The crack about solar power being an "unreliable" or "intermittent" energy source almost made me choke. This part of New Mexico enjoys perfect sunny days 95% of the year. That's their idea of unreliable? Intermittent? The film suggests that the Andasol solar power station in Spain is down a significant part of the time due to inclement weather, when in fact it is not. California is building two huge solar gathering power plants in the Mojave. Does CA think solar is unreliable? There are huge parts of the world that get no rainfall EVER. Just one square mile of land receives something like 12 trillion watt-hours per square mile per year! All we need to do is figure out how to harness that!
I could not stomach the narrator's cheer leading in the nuclear power section and had to leave. There are so many reported nuclear power plant-related accidents every year, each one threatening containment, not waiting for a tornado, not needing a tornado to cause trouble. We still have not solved the permanent waste storage problem, no matter what they say.

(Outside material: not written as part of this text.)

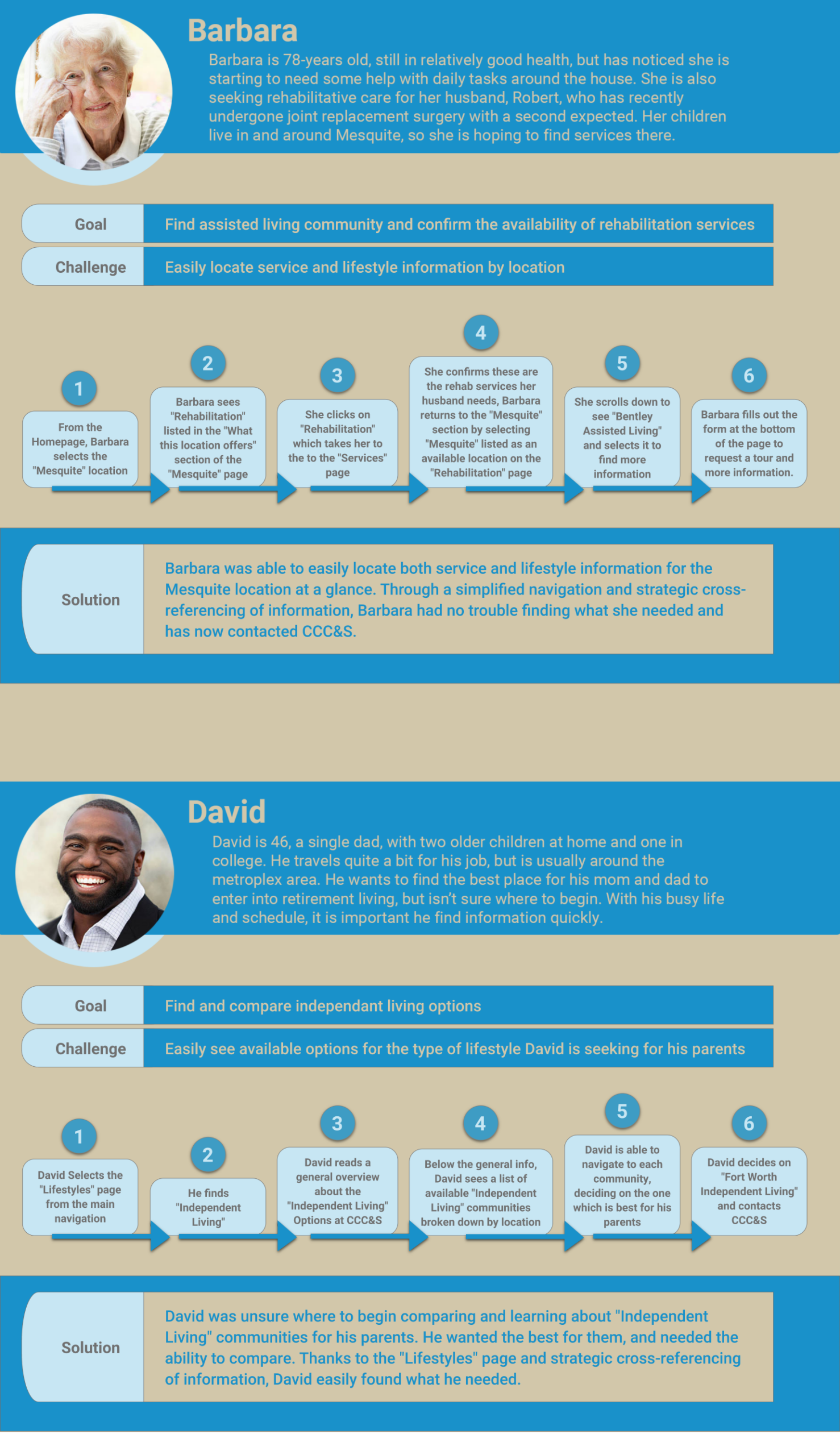 I created two final user profiles and journeys showcasing how the new IA, navigation, and page structure would better meet the needs of community members and their families.

The cost of coal is much higher than is reported, especially if you also factor in the respiratory illness children suffer in the vicinity of coal-fired power plants, such as the 2 here in the Four Corners.
Just think what will NEVER happen with solar or wind power: another Chernobyl, another Three-Mile Island, another Fukushima, another Exxon Valdez, another Deep Water Horizon, another Exxon Pegasus tar sands pipeline spill (happening right now in Arkansas), an increase in CO2 emissions, artificial earthquakes, periodic estimates about how long it will be until it runs out.